Dans l’article précédemment cité d’Amanda Friedman, « A Curricular Clash at MIT – How a course on the Israeli-Palestinian conflict rattled a Department » (The Chronicle of Higher Education, October 15, 2024), il est précisé que « Le conflit a éclaté au grand jour. DeGraff a accusé l’Université de porter atteinte à sa liberté académique, dont il a parlé dans des articles publiés dans The Tech, le journal étudiant du MIT, et dans des messages diffusés sur les réseaux sociaux. De leur côté, les membres de la Faculté de linguistique ont répliqué, condamnant DeGraff pour avoir mis le rejet du cours sur le compte de préjugés politiques et pour avoir pointé du doigt le chef de leur département, qui est Juif. [Traduction : RBO] Les documents accessibles ne permettent pas de préciser, au moment de la rédaction du présent article, si Michel DeGraff aurait été expulsé du Département de linguistique du MIT –ce dont aucun linguiste ne devrait se réjouir–, ou s’il a été mis en disponibilité ou si on lui a accordé une charge minimale de travail ou s’il n’a reçu que des lettres officielles de réprimande de la part d’ « Un doyen du MIT » comme le rapporte Amanda Friedman dans l’article « Un conflit de cursus au MIT – Comment un cours sur le conflit israélo-palestinien a ébranlé un Département », The Chronicle of Higher Education, 15 octobre 2024).

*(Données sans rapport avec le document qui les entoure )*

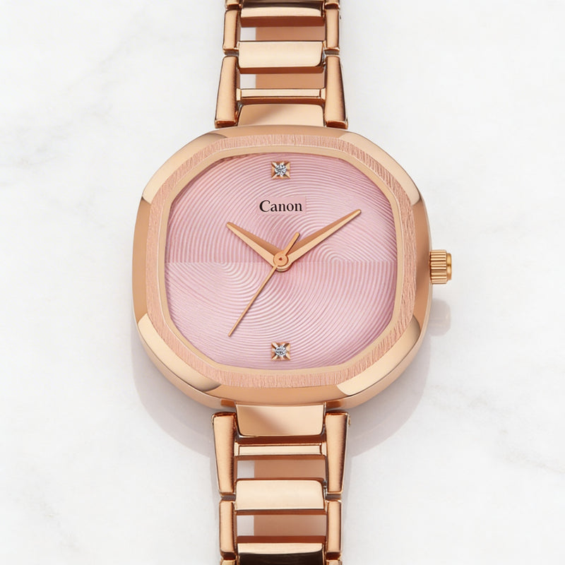 Canon Quartz Square Watch For Women - Baby Pink

Le conflit suscité par Michel DeGraff avec son projet de séminaire qui reprend explicitement et à visière levée le slogan-programme du Hamas et du Hezbollah, « DE LA RIVIÈRE À LA MER EN PALESTINE ET EN ISRAËL », est riche d’enseignements. Le principal enseignement est certainement celui qui met en lumière les dérives et les perversions politico-idéologiques induites par le couple essentialisation de la langue/populisme linguistique qui est fortement arrimé au socle des idéologies de la langue. Il faut prendre toute la mesure que les dérives et les perversions politico-idéologiques induites par le couple essentialisation de la langue/populisme linguistique sont des obstacles majeurs à l’aménagement du créole aux côtés du français et conformément aux article 5 et 40 de la Constitution de 1987.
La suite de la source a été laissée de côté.